It doesn’t look like much from the outside, but this rabbit warren of narrow paths takes you into beehive of commercial activity. Beside a stand offering hair brushes is one selling fabric beside another with piles of yams on display. And it goes on and on, around this corner, down that blind passageway.

At first I just walked, scrutinizing those in the booths for the man in the gold robe. But very soon it was clear that that approach would’ve taken forever, and likely without ever finding him. So, as everyone does when faced with a difficult situation, I approached a woman selling wigs.

“Do you know this man?” I asked, showing her the picture.

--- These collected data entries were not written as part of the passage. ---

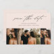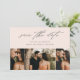 Uma fotografia romântica e simples salva o cartão de data com belas caligrafias, 3 fotos e texto mínimo na frente. O verso inclui o site do casamento para mais informações. Clique no botão editar para personalizar este design.
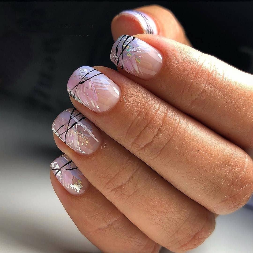 Не обязательно окрашивать ногти в густые плотные осенние цвета. С наступление холодного времени года можно не отказываться от полупрозрачных баз. Они отлично подойдут для довольно смелых и интенсивных вариантов дизайна — страз, блесток, рисунков с негативным пространством.
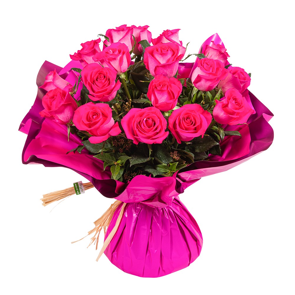 Superbe bouquet dans une poche d'eau dans les tons de rose fushia. Un grand classique Fleuritel pour les amoureux du rose !
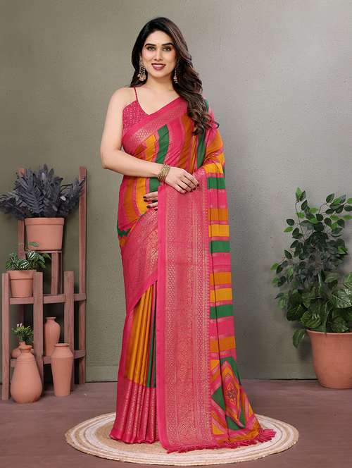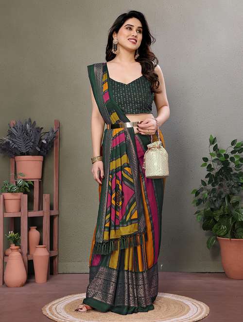 This exquisite saree features a vibrant bright moss stipe design complemented by an abstract print, creating a stunning visual appeal. The intricate foil work adds a touch of elegance, making it perfect for both festive occasions and formal gatherings. Crafted from high-quality fabric, this saree drapes beautifully, ensuring comfort and style. Elevate your wardrobe with this unique piece that effortlessly blends tradition with contemporary flair.
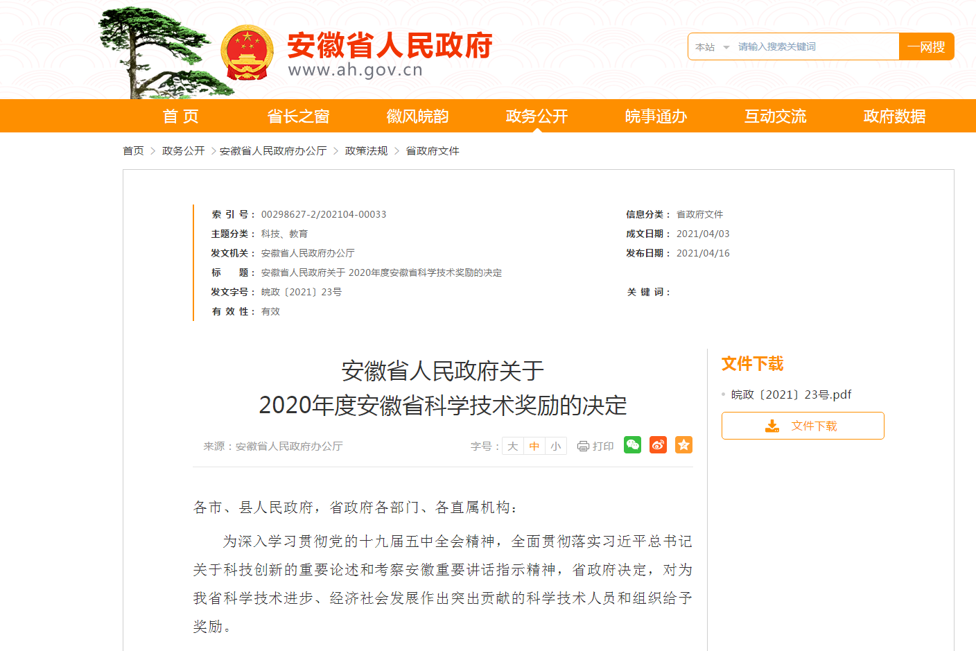 近日,安徽省人民政府發(fā)布了《安徽省人民政府關(guān)于2020年度安徽省科學(xué)技術(shù)獎(jiǎng)的決定》(皖政【2021】23號(hào))文件,對(duì)2020年度推動(dòng)安徽省科學(xué)技術(shù)事業(yè)進(jìn)步和經(jīng)濟(jì)社會(huì)發(fā)展做出突出貢獻(xiàn)的科技人員和組織給予獎(jiǎng)勵(lì)。海螺創(chuàng)業(yè)憑借《水泥窯協(xié)同資源化處理城市廢棄物系統(tǒng)集成關(guān)鍵技術(shù)開(kāi)發(fā)與應(yīng)用》重要科研成果榮獲安徽省科學(xué)技術(shù)獎(jiǎng)三等獎(jiǎng),這是海螺創(chuàng)業(yè)首次獲得該獎(jiǎng)項(xiàng)。

This instantly attracted a group of her fellow merchants. Inspecting the picture, they gabbled away in Fanti, each pointing off in different direction. I felt a kind of pleasant release at actually interacting with them while not being the center of attention.

“The mosque,” the woman said, pitching them again into excited Fanti.

“Out there?” I asked, confused.

They had now reached agreement and confidently gestured to, I presumed, the mosque I’d passed before reaching the market. So I thanked them, exited and chatted up a couple of sleepy guys in long robes. They pointed me back up the street toward the market.

What followed was half a dozen similar stops, each inciting different recommendation. Finally, at a store called, and I’m not kidding, God Says Phones, the young man I’d approached took a long look at the picture.

“What is your problem with this man?” he asked protectively.

“Oh, no problem,” I assured him. “I just want to give him this picture.”

This seemed to satisfy him. “He is a butcher. In the market.”

So I returned to the market. After another couple of inquiries, a young man led me to the butcher’s shop. And there he was, the man in the gold robe, only now he was holding a goat head in his hands.

You would’ve thought I’d delivered him a pile of diamonds. A greater welcome and a more appreciative recipient I could not have found. The butchers, at least 10 men, all crowded around and, amid the swarm of flies, inspected the pictures and kidded their colleague, who I now knew was called Igual (in red shirt).

I took some pictures of the guys posing with their favorite carcass and then departed with heartfelt thanks. Never have I had such fun in offal house.